What you have to do
The exact lines of the listing, from its first through the line that contains "- Ticaret Bakanlığının", are to make up the answer, and pictures are to be left out.

Source material
'''
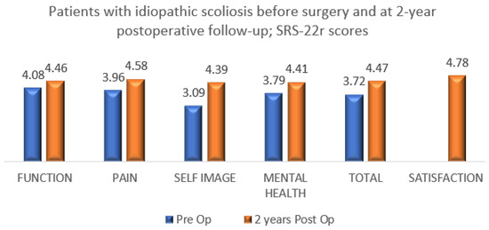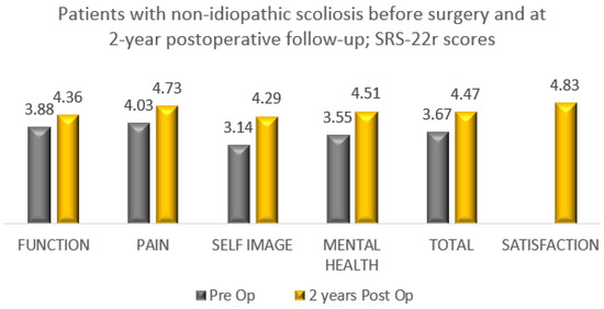 All 84 patients with IS (AIS/JIS) who underwent bracing and surgery completed the SRS-22r questionnaire and reported improvement in the total and domain scores between preoperative and minimum 2-year postoperative with a mean satisfaction rate of 4.78 (Figure 3). In total, 22 patients with non-IS who underwent bracing and had scoliosis correction completed the SRS-22r questionnaire reporting improvement in total and domain scores with a mean satisfaction rate of 4.83 (Figure 4).
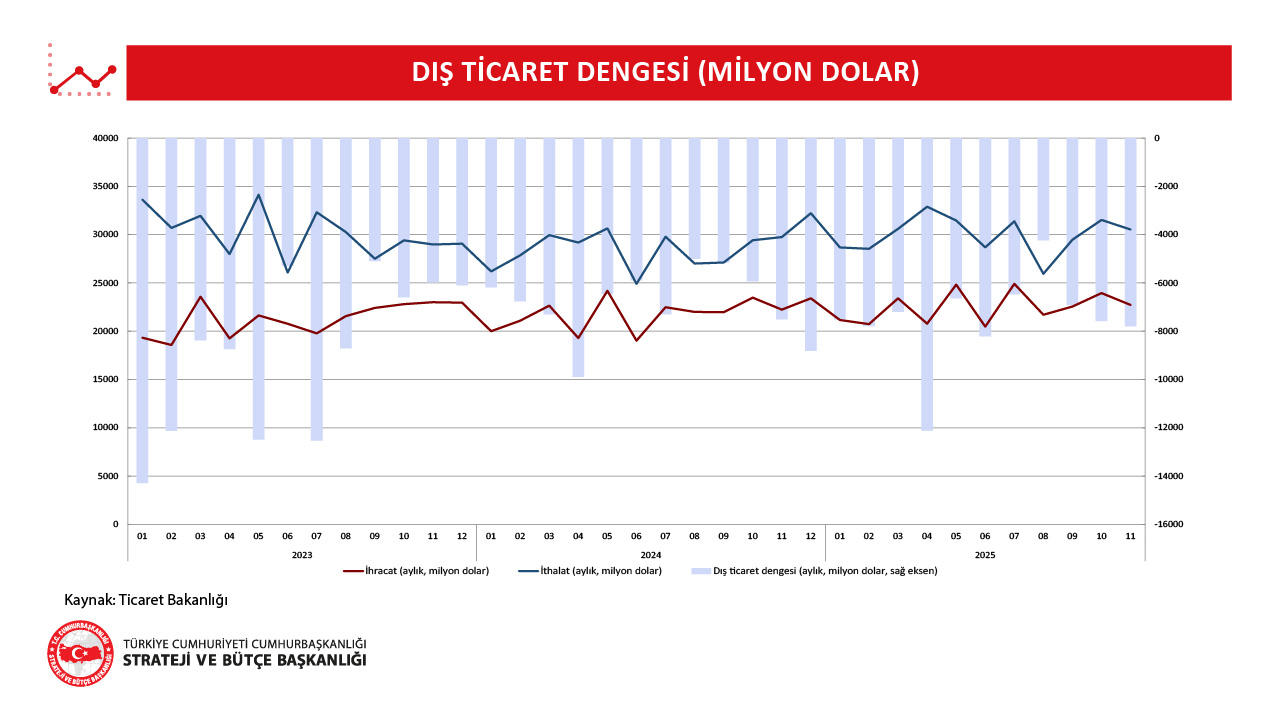 - Ticaret Bakanlığının açıkladığı geçici verilere göre 2025 yılı Kasım ayında ihracat bir önceki yılın aynı ayına göre yüzde 2,2 oranında artarak 22 milyar 718 milyon dolar, ithalat yüzde 2,6 oranında artarak 30 milyar 523 milyon dolar seviyesinde kaydedilmiştir.
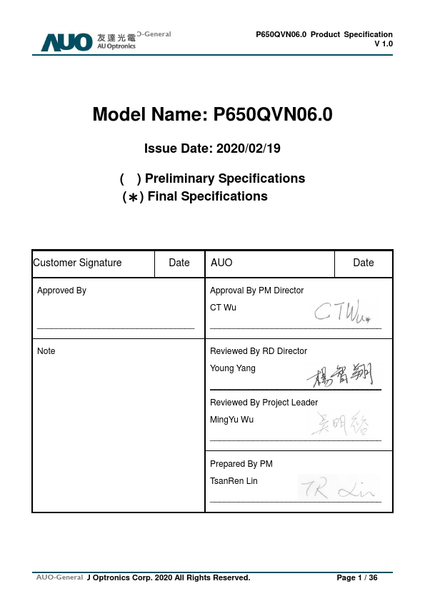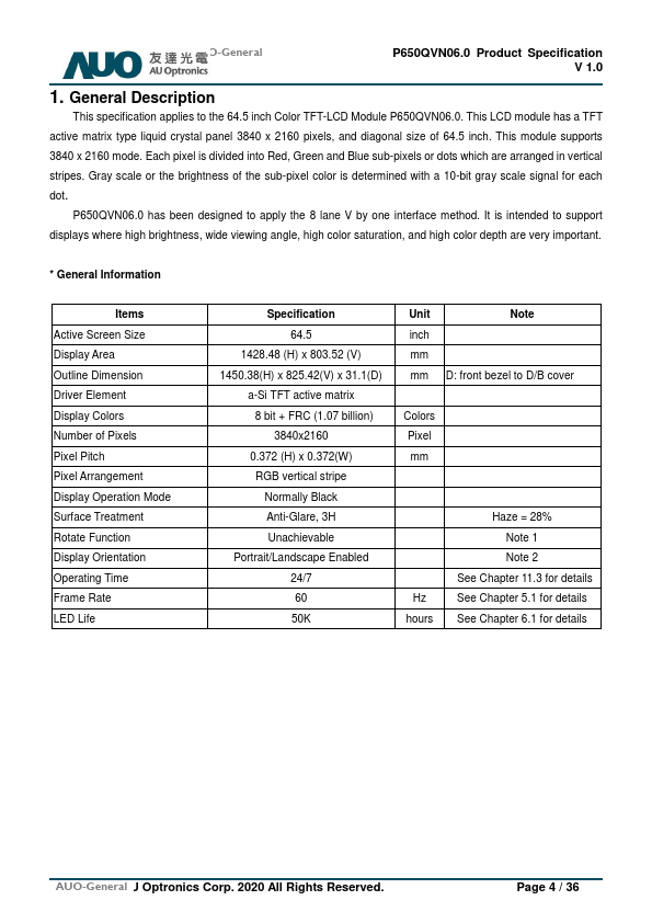 This specification applies to the 64.5 inch Color TFT-LCD Module P650QVN06.0. This LCD module has a TFT active matrix type liquid crystal panel 3840 x 2160 pixels, and diagonal size of 64.5 inch. This module supports 3840 x 2160 mode.
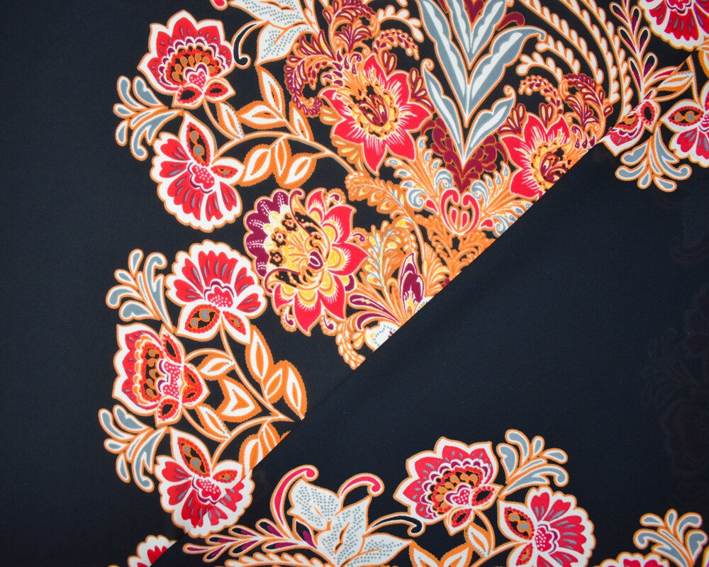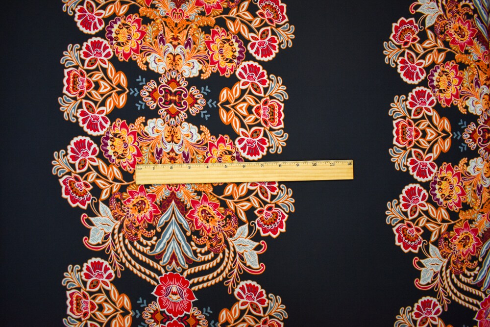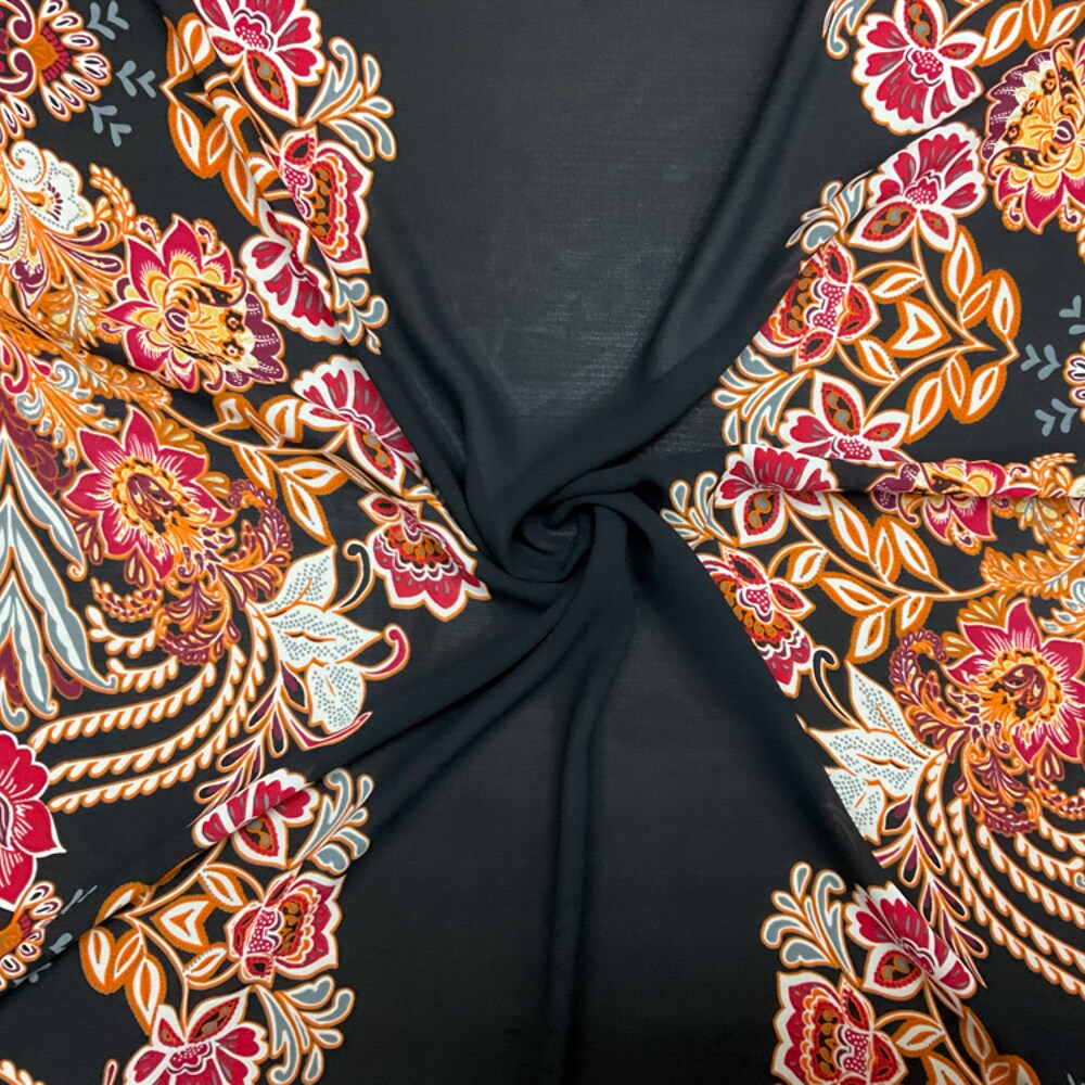 Black-Orange-Multi Poly Floral Stripe Printed Chiffon Woven Fabric By the Yard
'''
Task output
 All 84 patients with IS (AIS/JIS) who underwent bracing and surgery completed the SRS-22r questionnaire and reported improvement in the total and domain scores between preoperative and minimum 2-year postoperative with a mean satisfaction rate of 4.78 (Figure 3). In total, 22 patients with non-IS who underwent bracing and had scoliosis correction completed the SRS-22r questionnaire reporting improvement in total and domain scores with a mean satisfaction rate of 4.83 (Figure 4).
 - Ticaret Bakanlığının açıkladığı geçici verilere göre 2025 yılı Kasım ayında ihracat bir önceki yılın aynı ayına göre yüzde 2,2 oranında artarak 22 milyar 718 milyon dolar, ithalat yüzde 2,6 oranında artarak 30 milyar 523 milyon dolar seviyesinde kaydedilmiştir.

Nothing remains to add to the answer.